In the Bronsted-Lowry formulation of acids and bases, an acid is a compound that releases a proton in solution, while a base is a compound that accepts a proton. When a Bronsted acid dissolves in a solvent, it produces a conjugate base, while at the same time the solvent acts as a base and produces a conjugate acid. Dividing the concentrations of conjugate acid and base, by the concentrations of the original compounds produces the equivalence constant K_{eq}, which is a measure of how strong the original acid is. Chemists refer to K_{eq} as the Ka value of the reaction when the solvent is water. This number can vary by many orders of magnitude, so to make calculations easier, chemists usually use the pKa number, which is the negative logarithm of the Ka value.

## Ka Is the Strength of an Acid in Water

When a generic acid (HA) dissolves in water, it donates a proton, and the product of the reaction consists of H_{3}O^{+} and A^{-}, which is the conjugate base of the reaction. Depending on the relative abilities of HA to donate protons and A^{-} to accept them, the reaction can also proceed in the opposite direction until eventually an equilibrium is achieved.

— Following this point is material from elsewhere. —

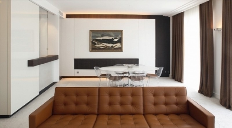 الصالون وغرفة الطعام يجمعهما فضاء واحد، والأثاث البسيط الذي اختير لهما بعناية فائقة يجمع بين الرفاهية والعملية والجمال. ولكنه أيضاً يحافظ على فضاء المكان ويمنح الساكن شعوراً واقعياً بالاتساع والرحابة. ففي ركن الجلوس كنبة كبيرة من الجلد البني المحمر بقوائم معدنية تذكر بأثاث الستينات وتتسع لثلاثة أفراد، وهي تواجه عنصر أثاث خشبي أبيض يغطي مساحة الجدار المقابل.

Chemists determine the strength of an acid (Ka) by measuring the concentrations of HA, H_{3}0^{+} and A^{-} at equilibrium and dividing the concentrations of the products by the concentration of the original acid. Because the concentration of water is a constant, they leave it out of the equation.

Ka = [H_{3}O^{+}] [A^{-}]/[HA]

## Converting to pKa

Ka values can be very large or very small. For example, the Ka value for hydrochloric acid (HCl) is around 10^{7}, while the Ka value for ascorbic acid (vitamin C) is 1.6 X 10^{-12}. Working with such numbers is inconvenient, so to makes things easier, chemists have defined the pKa number as:

pKa = -log Ka

According to this definition, the pKa value for hydrochloric acid is -log 10^{7} = -7, while the pKa for ascorbic acid is -log (1.6 x 10^{-12}) = 11.80. As is evident, the smaller the pKa number, the stronger the acid.

## Finding Logarithms

A logarithm is basically the opposite of an exponent. If we have an expression such as log_{10}x = y, we can find x by taking the exponent to the base 10 of both sides: 10^{log x} = 10^{y}. By definition, 10^{logx} = x, so the expression becomes x = 10^{y}. The pKa value is a negative logarithm, which means when the equation -log x = y is reversed, x is equal to a negative exponent 10^{-y}, which is a small number if y is large and a large number if y is small.

In practice, finding the logarithms can be complicated, so most scientists use logarithm tables or a scientific calculator. To find a base 10 logarithm on a scientific calculator, you enter the value of the logarithm and tap the "log_{10}" key.